The complications of doing such digital-inclusive deals, Böss says, now mean that what used to be a ten-page contract for free-TV rights alone is now a 100-page document covering all kinds of options.

But, Böss hardly minds. “In the end, I’m believing in the new way and offering viewers more ways to watch and appreciate shows.” The only thing he would urge Hollywood studios to do is not leave viewers dangling or exasperated. “If one of these complex series starts to falter, then at least they should pressure producers to tie up the key loose ends [before the show gets canceled]. They should have a Plan B.”

From a somewhat different perspective, longtime TV2 Norway acquisitions head John Ranelagh is frank about the challenges facing established players if they are slow to keep up with the times.

“Broadcasters and networks need to maintain their traditional linear schedules, but they also need to cater to new habits by being present everywhere and offering a full range of viewing choices, even if questions about monetizing the new approaches are as yet unanswered. If networks do not fill space, someone else will—and at their expense, as Netflix, Amazon, Hulu, YouTube and the like are all demonstrating.”

The quickened pace of change, behavioral as well as technological, is imposing additional problems and costs.

COST OF DOING BUSINESS
While most well-heeled European broadcasters now operate multiple niche channels, Ranelagh notes that more and more resources have to be allotted for national and local production. However well-made and broadly appealing they may be, American shows have two drawbacks: increasingly, he argues, they are produced by the sister studios of the network (thus presumably limiting, if not stifling, outside talent and creativity) and secondly, the best shows are popping up (pirated or otherwise platformed) almost instantly in Europe after their U.S. premieres, thus diminishing their long-term appeal.

Jeff Ford, who uniquely headed acquisitions teams at Britain’s top three commercial broadcasters (ITV, Channel 4 and Channel 5) and is now director of content at Ireland’s TV3, takes the long view of the latest developments.

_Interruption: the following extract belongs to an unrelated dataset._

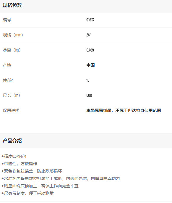 首頁(yè)>產(chǎn)品中心>測(cè)量工具>水平尺>世達(dá)帶磁水平尺600mm/24寸

There are, he says, reasons he’s not overly worried.

“Each new bit of technology changes the game board, and yes, prior windows can devalue your own rights in a given case,” Ford admits. But, he emphasizes, there are opportunities for broadcasters like his. For one thing, his station is finding that “stacking” older episodes of a series so that viewers can feast on a particular show on a given day is quite a popular tactic. (Such stunts have worked with The Big Bang Theory and CSI, among others.)

“It’s a way to shift catch-up from an online to a linear environment and expand the viewer experience,” Ford says.

CREATIVE SHIFTS
The disruptions in the business and the digital advances have not escaped the creatives behind the camera and in the writers’ rooms.

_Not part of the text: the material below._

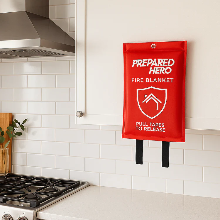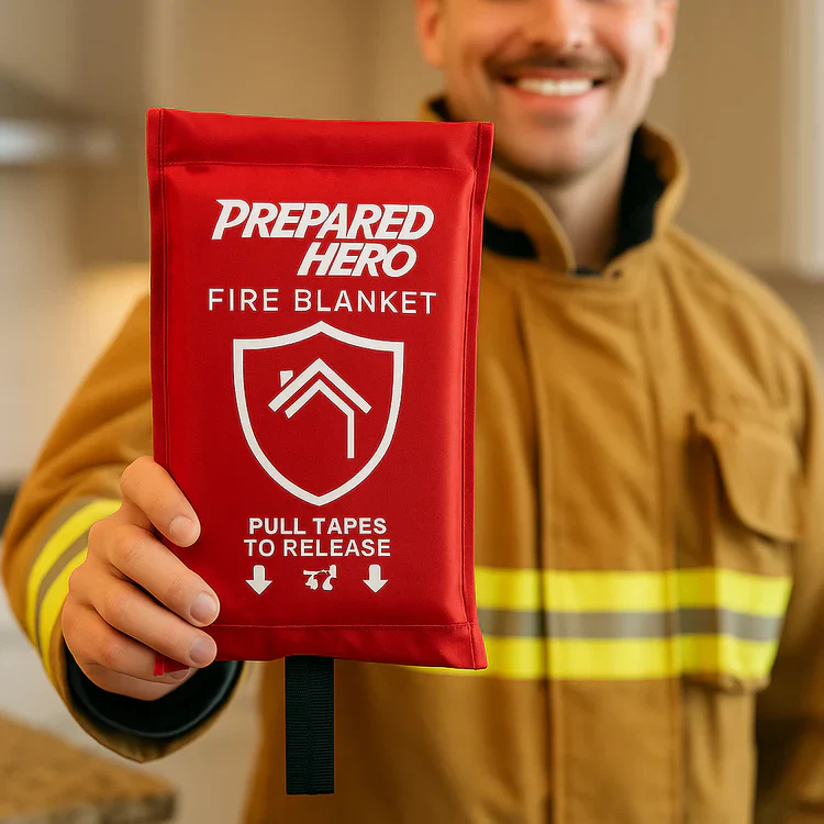 Prepared Hero is an emergency fire blanket designed to stop common fires in seconds—without the weight, complexity, or mess of traditional extinguishers. Made with premium, heat-resistant fiberglass, it’s safe, simple, and effective for grease, electrical, and household fires. Perfect for kitchens, RVs, boats, workshops, and anywhere fire risks exist, Prepared Hero puts life-saving control in your hands.

The executive producers of the FX series The Americans, Weisberg and Fields, say what’s really changed for them in this new environment is “the visceral, almost instantaneous feedback and involvement” they get from viewers via social media and the like. “It used to be that we’d get a couple of reviews after a series’ premiere and then, well, just a cold set of ratings on a regular basis,” Weisberg explains. “Nowadays,” continues Fields, whose background is in theater, “we can follow Twitter feeds, and what we learn from how viewers and fans and critics are reacting we often bring up in the writers’ room.”

Adds Nick Hamm, the executive producer of yet another serialized drama, Rogue, which airs in the U.S. on DIRECTV, “There’s been a massive explosion in high-level drama in America,” and not by chance. “It’s because you’ve had a complete fracturing of traditional distribution, so people don’t watch television in the same way as they used to ten years ago. Appointment television is almost finished as an idea; network television is almost finished as an idea. The broadcasters will be the Internet; the broadcasters will be your app and they will be on your phone. That’s made material available in a completely different way. It’s like a great book: if you want to keep reading it, you’re going to keep reading it. Now you’ve got the opportunity to do that.”